**** INFORMATION SUPPLIED

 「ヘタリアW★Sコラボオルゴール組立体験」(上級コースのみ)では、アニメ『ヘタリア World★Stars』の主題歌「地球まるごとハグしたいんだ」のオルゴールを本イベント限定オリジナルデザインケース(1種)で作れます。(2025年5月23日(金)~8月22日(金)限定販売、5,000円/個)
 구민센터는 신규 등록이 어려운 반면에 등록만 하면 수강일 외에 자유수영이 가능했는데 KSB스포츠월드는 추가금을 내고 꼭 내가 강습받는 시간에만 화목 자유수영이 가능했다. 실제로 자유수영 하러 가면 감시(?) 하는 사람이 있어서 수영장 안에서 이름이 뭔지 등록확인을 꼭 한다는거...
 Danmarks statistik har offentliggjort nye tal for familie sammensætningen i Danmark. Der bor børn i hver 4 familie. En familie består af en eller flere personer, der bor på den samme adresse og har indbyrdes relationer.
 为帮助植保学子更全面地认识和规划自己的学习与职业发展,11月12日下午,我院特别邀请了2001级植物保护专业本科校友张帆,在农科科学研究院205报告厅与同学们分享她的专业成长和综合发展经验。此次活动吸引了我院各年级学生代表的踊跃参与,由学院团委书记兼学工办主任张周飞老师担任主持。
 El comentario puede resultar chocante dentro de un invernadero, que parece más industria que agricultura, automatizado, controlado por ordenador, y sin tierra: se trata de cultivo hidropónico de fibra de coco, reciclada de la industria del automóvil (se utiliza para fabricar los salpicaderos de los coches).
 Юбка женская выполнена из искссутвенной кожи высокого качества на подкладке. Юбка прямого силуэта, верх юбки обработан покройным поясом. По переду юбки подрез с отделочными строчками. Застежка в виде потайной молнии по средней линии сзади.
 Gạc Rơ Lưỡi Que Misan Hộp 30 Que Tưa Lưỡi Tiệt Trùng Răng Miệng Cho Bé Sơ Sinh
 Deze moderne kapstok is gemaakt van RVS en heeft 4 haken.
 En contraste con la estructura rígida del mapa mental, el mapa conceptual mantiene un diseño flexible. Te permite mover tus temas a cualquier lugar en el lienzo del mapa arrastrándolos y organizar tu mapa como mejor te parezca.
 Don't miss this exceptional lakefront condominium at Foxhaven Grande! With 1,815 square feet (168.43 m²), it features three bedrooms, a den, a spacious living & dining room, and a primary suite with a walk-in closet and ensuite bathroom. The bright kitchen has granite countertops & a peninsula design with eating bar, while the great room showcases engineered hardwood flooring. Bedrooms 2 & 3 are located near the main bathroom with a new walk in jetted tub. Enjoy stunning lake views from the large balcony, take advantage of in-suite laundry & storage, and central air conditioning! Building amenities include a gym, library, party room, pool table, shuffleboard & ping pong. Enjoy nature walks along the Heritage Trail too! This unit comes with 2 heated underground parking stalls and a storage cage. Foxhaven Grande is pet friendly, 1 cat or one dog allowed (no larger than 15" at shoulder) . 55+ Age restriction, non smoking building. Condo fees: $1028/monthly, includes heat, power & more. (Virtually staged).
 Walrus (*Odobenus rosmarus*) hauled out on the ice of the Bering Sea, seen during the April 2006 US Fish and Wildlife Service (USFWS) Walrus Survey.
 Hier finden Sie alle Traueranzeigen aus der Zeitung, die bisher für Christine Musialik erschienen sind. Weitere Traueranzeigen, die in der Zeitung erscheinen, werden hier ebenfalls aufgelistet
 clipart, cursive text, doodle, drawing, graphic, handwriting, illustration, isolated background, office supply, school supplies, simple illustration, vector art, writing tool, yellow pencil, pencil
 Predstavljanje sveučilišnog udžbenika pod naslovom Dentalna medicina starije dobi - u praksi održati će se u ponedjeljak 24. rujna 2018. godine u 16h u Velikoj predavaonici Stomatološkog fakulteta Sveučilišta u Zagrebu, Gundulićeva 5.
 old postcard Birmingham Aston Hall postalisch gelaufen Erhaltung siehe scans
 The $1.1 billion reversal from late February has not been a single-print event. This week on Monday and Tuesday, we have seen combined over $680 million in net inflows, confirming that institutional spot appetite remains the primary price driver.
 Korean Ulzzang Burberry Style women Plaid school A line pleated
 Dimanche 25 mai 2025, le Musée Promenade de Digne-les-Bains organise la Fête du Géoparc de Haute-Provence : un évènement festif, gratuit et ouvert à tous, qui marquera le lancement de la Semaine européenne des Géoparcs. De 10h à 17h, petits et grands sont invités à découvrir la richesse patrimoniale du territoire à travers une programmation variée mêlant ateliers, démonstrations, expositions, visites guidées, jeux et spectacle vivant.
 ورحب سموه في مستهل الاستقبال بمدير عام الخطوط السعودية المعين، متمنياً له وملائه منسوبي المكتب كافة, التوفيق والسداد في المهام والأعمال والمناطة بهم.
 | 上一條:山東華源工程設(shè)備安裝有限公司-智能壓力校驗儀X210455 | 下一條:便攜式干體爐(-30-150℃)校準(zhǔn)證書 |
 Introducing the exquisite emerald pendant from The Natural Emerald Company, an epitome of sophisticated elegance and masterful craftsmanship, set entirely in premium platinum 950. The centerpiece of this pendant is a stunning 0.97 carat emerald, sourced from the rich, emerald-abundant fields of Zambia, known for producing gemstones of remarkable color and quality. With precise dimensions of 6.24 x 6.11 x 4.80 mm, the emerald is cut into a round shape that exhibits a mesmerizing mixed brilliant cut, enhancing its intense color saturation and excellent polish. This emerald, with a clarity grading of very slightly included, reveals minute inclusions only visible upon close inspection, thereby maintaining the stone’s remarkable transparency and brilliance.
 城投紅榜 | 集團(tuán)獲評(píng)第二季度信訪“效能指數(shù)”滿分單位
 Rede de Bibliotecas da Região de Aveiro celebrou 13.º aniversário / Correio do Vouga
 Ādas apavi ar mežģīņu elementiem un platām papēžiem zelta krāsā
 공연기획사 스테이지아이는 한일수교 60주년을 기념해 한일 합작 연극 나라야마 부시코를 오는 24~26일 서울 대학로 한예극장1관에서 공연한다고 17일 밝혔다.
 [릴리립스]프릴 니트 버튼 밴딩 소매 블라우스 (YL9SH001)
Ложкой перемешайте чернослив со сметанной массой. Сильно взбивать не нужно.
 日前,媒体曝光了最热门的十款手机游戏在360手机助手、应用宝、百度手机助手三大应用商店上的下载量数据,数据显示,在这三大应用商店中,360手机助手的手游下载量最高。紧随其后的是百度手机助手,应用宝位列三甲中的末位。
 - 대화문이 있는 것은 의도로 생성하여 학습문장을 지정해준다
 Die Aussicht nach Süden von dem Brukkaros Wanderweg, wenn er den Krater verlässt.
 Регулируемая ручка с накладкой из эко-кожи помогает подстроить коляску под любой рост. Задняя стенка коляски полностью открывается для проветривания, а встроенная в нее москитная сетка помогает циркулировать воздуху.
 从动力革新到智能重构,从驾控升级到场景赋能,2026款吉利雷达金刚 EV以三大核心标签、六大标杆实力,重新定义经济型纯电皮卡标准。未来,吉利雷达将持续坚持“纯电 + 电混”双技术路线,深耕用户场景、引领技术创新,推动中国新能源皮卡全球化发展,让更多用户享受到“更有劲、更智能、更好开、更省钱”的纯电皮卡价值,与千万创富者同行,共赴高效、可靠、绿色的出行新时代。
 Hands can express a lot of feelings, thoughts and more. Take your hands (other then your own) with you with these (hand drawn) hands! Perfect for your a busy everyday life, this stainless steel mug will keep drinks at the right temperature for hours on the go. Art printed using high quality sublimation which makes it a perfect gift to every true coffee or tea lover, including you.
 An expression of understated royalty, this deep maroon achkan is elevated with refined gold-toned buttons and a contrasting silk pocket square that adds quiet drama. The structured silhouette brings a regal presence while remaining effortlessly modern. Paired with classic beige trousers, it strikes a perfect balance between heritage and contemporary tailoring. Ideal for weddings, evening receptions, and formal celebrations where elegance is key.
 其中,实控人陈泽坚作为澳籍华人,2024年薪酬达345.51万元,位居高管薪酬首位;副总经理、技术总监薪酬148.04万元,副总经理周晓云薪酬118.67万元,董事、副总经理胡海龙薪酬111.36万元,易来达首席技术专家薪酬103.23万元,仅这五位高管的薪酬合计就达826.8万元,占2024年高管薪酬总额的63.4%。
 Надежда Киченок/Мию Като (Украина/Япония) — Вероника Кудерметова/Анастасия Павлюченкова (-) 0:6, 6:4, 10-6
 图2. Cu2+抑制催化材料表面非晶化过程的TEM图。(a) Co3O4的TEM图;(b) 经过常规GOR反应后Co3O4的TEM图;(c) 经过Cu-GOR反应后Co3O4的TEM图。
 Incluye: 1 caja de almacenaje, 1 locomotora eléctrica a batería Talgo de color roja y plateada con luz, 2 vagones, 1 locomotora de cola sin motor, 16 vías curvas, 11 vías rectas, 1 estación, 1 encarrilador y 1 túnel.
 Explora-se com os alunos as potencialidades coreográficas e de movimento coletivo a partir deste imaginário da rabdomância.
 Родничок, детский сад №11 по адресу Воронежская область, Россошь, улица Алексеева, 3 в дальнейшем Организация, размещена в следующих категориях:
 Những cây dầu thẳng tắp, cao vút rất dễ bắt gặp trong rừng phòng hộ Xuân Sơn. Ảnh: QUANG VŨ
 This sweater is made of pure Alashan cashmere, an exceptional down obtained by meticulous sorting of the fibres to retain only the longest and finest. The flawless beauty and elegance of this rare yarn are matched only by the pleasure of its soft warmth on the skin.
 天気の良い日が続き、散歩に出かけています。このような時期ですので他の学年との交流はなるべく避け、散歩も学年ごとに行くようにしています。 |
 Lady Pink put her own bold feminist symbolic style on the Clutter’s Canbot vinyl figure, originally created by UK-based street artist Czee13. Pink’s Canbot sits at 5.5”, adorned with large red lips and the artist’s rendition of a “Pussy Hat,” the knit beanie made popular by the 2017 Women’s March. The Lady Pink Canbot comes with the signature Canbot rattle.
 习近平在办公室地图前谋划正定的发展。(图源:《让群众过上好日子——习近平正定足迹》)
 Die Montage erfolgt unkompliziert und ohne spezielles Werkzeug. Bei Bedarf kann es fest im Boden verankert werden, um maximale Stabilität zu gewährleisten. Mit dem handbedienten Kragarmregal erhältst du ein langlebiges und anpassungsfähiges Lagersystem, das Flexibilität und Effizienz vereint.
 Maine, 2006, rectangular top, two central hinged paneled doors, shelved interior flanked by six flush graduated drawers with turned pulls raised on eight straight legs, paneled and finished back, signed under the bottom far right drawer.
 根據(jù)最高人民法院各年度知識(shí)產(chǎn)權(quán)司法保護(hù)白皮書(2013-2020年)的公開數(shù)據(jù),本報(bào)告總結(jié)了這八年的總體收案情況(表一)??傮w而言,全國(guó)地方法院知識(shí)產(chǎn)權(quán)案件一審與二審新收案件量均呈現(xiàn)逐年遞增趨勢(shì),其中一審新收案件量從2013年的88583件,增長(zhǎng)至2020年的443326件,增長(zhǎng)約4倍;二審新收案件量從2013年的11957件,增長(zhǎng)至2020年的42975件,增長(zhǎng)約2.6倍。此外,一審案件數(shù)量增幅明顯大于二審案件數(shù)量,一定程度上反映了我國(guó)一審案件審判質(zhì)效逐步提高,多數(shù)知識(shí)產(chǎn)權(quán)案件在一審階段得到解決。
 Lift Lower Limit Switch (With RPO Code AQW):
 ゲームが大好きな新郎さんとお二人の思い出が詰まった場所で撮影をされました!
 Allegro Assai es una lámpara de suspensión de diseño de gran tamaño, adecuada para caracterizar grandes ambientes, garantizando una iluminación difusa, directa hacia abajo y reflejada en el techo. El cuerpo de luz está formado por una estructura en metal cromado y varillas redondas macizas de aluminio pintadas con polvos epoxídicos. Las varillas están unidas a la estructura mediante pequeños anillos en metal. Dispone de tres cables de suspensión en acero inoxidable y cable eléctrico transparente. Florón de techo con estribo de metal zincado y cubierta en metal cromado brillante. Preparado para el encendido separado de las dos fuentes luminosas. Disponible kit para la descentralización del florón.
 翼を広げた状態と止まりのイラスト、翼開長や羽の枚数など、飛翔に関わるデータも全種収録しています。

********

EXERCISE. Return exactly the lines from the beginning of the data above through the one containing "为帮助植保学子更全面地认识和", please. Include both end lines and add nothing else.

SOLUTION TO THIS PROBLEM.
 「ヘタリアW★Sコラボオルゴール組立体験」(上級コースのみ)では、アニメ『ヘタリア World★Stars』の主題歌「地球まるごとハグしたいんだ」のオルゴールを本イベント限定オリジナルデザインケース(1種)で作れます。(2025年5月23日(金)~8月22日(金)限定販売、5,000円/個)
 구민센터는 신규 등록이 어려운 반면에 등록만 하면 수강일 외에 자유수영이 가능했는데 KSB스포츠월드는 추가금을 내고 꼭 내가 강습받는 시간에만 화목 자유수영이 가능했다. 실제로 자유수영 하러 가면 감시(?) 하는 사람이 있어서 수영장 안에서 이름이 뭔지 등록확인을 꼭 한다는거...
 Danmarks statistik har offentliggjort nye tal for familie sammensætningen i Danmark. Der bor børn i hver 4 familie. En familie består af en eller flere personer, der bor på den samme adresse og har indbyrdes relationer.
 为帮助植保学子更全面地认识和规划自己的学习与职业发展,11月12日下午,我院特别邀请了2001级植物保护专业本科校友张帆,在农科科学研究院205报告厅与同学们分享她的专业成长和综合发展经验。此次活动吸引了我院各年级学生代表的踊跃参与,由学院团委书记兼学工办主任张周飞老师担任主持。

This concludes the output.